蜜柑らしいというかなんというか、安直な考えで。

・・・・・・と言いたいところだが、ハロウィンではそれが常識なわけだから。

蜜柑のとった言動は、常識的なわけであった。

「どうぞ??」
「え??」

“悪戯する”そう言われたのに、何故か棗は不敵な微笑みを浮かべていて。

その微笑みに蜜柑も驚いたよう。

棗は、ベッドに座っている蜜柑の傍に寄り、耳元でそっとささやいた。





「菓子をやんなかったらイタズラしてくれんだろ??」





「えっ///」

後ずさる蜜柑。

けれど・・・・・・「ゴンっ!!」と鈍い音。

そう、後ろは壁だったのだ。

もはや蜜柑に逃げるところは無し。

「さっきお前が言ったじゃねえか。“Trick or Treat!!”“お菓子をくれなきゃ悪戯するぞ!!”って。」
「え、あ、えっと・・・」

みんな、パーティーとわかっていてお菓子を用意していたので、蜜柑は“悪戯”など、誰にもしていなかった。

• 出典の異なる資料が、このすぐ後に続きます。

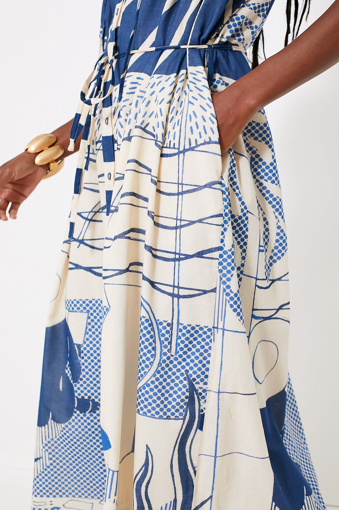 The Playa Print Valerie Kaftan is elegant. intricate. and a piece of wearable artwork. The silhouette of this style features short slanted sleeves with ruffle cuffs. a front button placket. self-tie waist belt. and a ruffle collar. The femininity combines with the abstract blue and white pattern to create an elegantly chic look. Pair with ballet flats. sandals. or heels and accessorize with jewelry!

棗に“悪戯をする”すると言ったのも、勢いで言ってしまっただけで。

“悪戯”のことなどあまり考えていなかったのだ。

そう、“こちょこちょ”をすればいい、ぐらいにしか。

しかし・・・・・・この棗相手に“こちょこちょ”などできるわけもない。

「悪戯、してくれるんだろ??」

蜜柑に打つ手はなし、という訳だ。

「うう〜棗の意地悪っ!!」

「俺にハロウィンを体感させてくれるんだろ??蜜柑??」





こんなことでもしなきゃ君は気付かないだろう??

俺の気持ちに。

君は鈍感だから

それでもいいって思ってたけど。さすがにいつまでも友達じゃ困るんだよな。

俺だってちょっとは焦るさ。

だから今日は君に俺を意識させるまたとないチャンスってわけ。

そんなまたとないチャンス、俺が逃すわけないだろう??





「あっはは〜、じゃあ、うち帰るなっ!!みんなはまだパーティーにいるし・・・」

もう、逃げるしかない。

“逃げるが勝ち”蜜柑はそう思ったのだろう。

けれど、自分はベッドの上(しかも後ろは壁)に座っていて。隣には棗がいて。

この状況下で、蜜柑は逃げられるのだろうか??





「まてよ」





部屋から出て行こうとする蜜柑の細い腕をつかむもの。それは棗の手だった。

やはり、蜜柑があの棗から逃げられるわけなどなかったのだ。

棗は蜜柑の腕をグイっと引っ張ると、そのまま蜜柑を抱き寄せ、蜜柑の髪に口付けを落とした。

「な///なにするん///!?

蜜柑の言葉は無視し、またも不敵な微笑みを浮かべてささやく。

「お前が悪戯するまで、帰さねーからな。」

「///何すればいいんや!?」
「それくらい、自分で考えろよ。」
「うう〜あの、こちょこ「却下」

蜜柑が言い終わる前に、棗が否定する。

「じゃあ、何ならいいんよ〜!!」
「だから、自分で考えろっての。まあ、楽しみにしてるぜ??」
「楽しみにせんといて!!」
「いいのができたらご褒美で俺からも悪戯してやるよ」
「いいっ!!てか、それご褒美じゃないやろっ!!ご褒美なんてええからこっから帰らせて!!」
「だ〜めvv」

さあ、君にどんな悪戯してもらおうか??




END


+-+-+あとがき+-+-+

やっとできましたvvハロウィンフリー小説!!
なんとか、間に合いましたよー!!ギリギリですけど(笑
なんだか、ギャグなんだかシリアスなんだか甘々なんだか・・・。
よく分からない作品となってしまいました(笑
最後は・・・ギャグっぽい・・・ですよね??(聞くなよ
あ、一応これはフリー小説なので、貰ってもいいよという、心優しい方がいらっしゃいましたら
貰ってやってください!!

2005.10.30


+管理人の後書き+

紅羽 空栗(こうば あくり)様のサイトから強奪頂いちゃいました。
フリー小説にしては、独占欲丸出しによる棗様が素敵でしたので…//////
悪戯は棗様の18番(おはこ)ですからねえ〜(*´∀`*)
それでは、ありがたく頂戴します。